Menteri Dalam Negeri Tjahjo Kumolo (Tasya/era.id)

Jakarta, era.id - Pemerintah mengizinkan warga korban gempa di Palu, Sulawesi Tengah untuk mengambil barang logistik di minimarket. Hal ini dilakukan menyusul aksi penjarahan sejumlah toko, warung hingga Stasiun Pengusian Bahan Bakar Umum (SPBU).

Melihat kondisi seperti itu, tak sedikit warganet mengkritisi kebijakan pemerintah yang memperbolehkan korban gempa dan tsunami melakukan penjarahan.

"Pemerintah memperbolehkan Rakyat Menyerbu Mall dan SPBU" dari sini gue sudah kehabisan akal mau bilang apa yah? katanya Mereka lapar yang diambil Laptop, Baju dagangan dll merusak harta benda orang.. OMG semoga tobat pak..lihat yang menjarah rapih2 dan sehat pula," tulis warganet di Twitter, Minggu (30/9/2018).

Secara terpisah, Menteri Dalam Negeri Tjahjo Kumolo menjelaskan situasi warga yang mengambil barang logistik seperti makanan dan minuman di sejumlah toko itu terjadi karena keadaan darurat. Sementara warga korban gempa dan tsunami banyak yang membutuhkan makanan dan minuman.

"Saat saya meninjau masyarakat korban bencana yang dirawat di rumah sakit, perlu bantuan segera makan minum. Toko semua tutup, runtuh, listrik mati," kata Tjahjo seperti dikutip dari Antara.
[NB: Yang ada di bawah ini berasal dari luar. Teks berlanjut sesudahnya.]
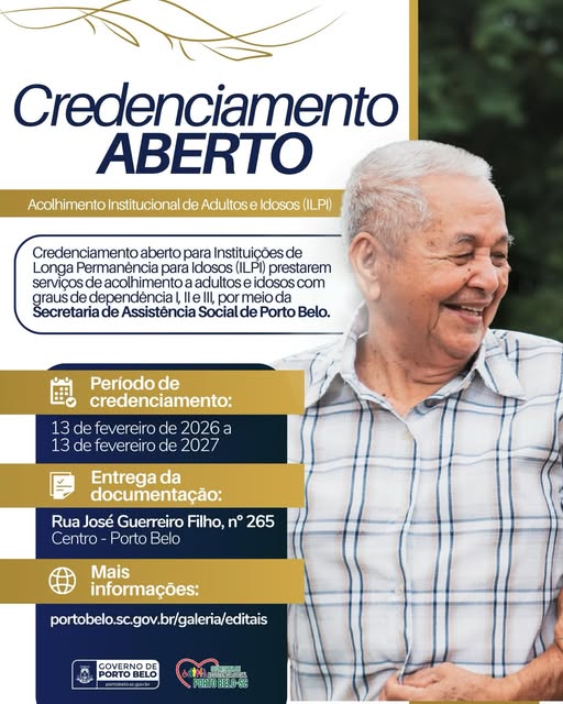 O Prefeitura de Porto Belo, por meio da Secretaria de Assistência Social de Porto Belo, abriu o processo de credenciamento para Instituições de Longa Permanência para Idosos (ILPI) interessadas em prestar serviços de acolhimento institucional a adultos e idosos no município de Porto Belo.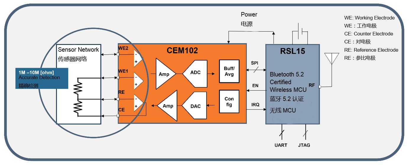 圖 5 - 安森美 CEM102 + RSL15 組合解決方案可實(shí)現(xiàn)無(wú)線(xiàn)電化學(xué)感知(來(lái)源:安森美)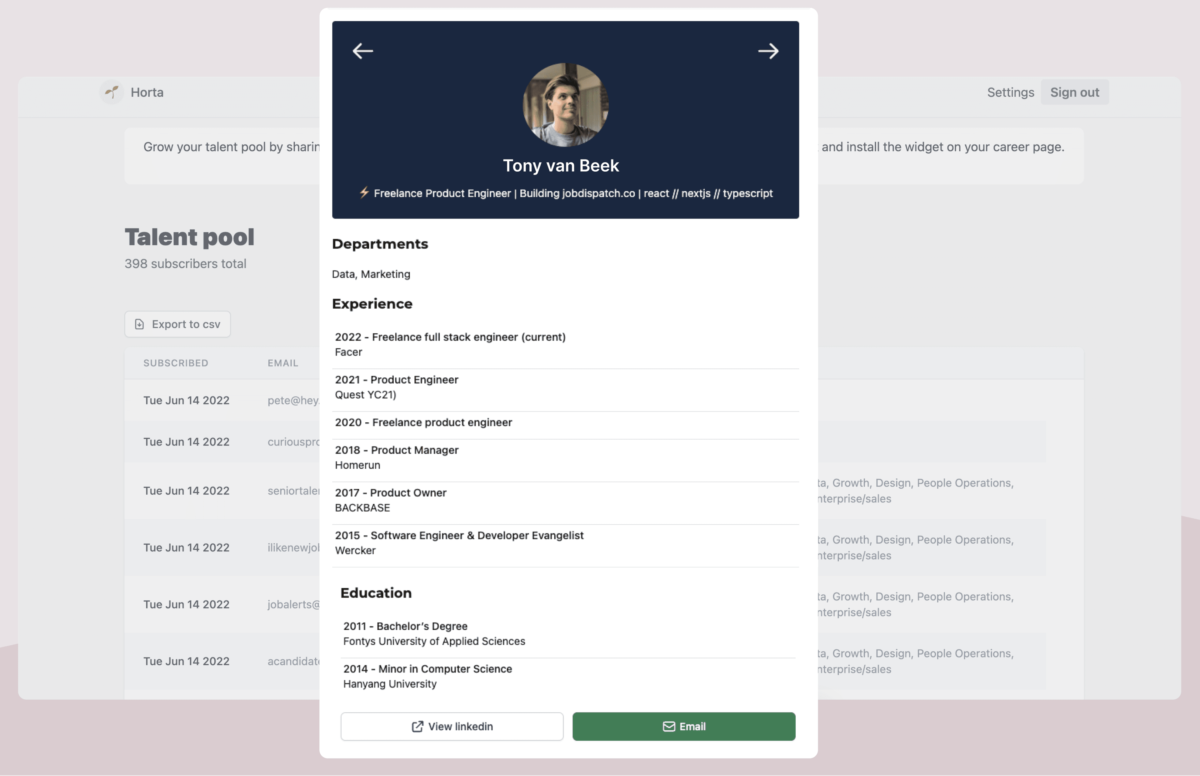 You will always get talent’s email address and the departments they’re interested in, and they can also share their Linkedin profile. In this case, Horta will also store their employment and education information (e.g. current job, past employers).

Tjahjo memahami kondisi masyarakat membutuhkan makanan dan minuman. Namun, tidak semua minimarket di Palu dibebaskan untuk diambil barangnya. Agar tidak rancu, Tjahjo meminta agar Satpol PP dan Polri mengawal toko dan minimarket untuk kemudian dibagikan ke warga.
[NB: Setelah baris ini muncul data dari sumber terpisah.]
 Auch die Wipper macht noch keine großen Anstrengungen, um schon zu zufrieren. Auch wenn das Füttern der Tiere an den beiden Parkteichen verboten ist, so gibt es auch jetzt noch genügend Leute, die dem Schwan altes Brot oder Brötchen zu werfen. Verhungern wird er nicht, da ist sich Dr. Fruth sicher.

"Dalam rapat saya minta pemda fasilitasi beli minuman makanan di toko yang jual berikan dulu kepada pengungsi dan yang dirawat di rumah sakit. Cari yang punya toko, dibeli dulu dan saya minta pengawalan satpol PP dan Polri kemudian bagikan makanan tersebut," jelasnya.

"Jadi enggak ada penjarahan semua terdata," imbuhnya.

Selain penjarahan yang dijelaskan oleh Tjahjo, ada juga sejumlah warga yang melakukan penjarahan di SPBU. Beberapa laporan menyebut banyak SPBU yang belum beroperasi hingga saat ini.

"Soal SPBU, saya sudah meninjau itu karena listrik mati jadi warga mengantre diambil pakai manual itu kan lama, tapi mereka membayar jadi enggak ada yang menjarah," tutup Tjahjo mengutip dari wawancara Kompas TV.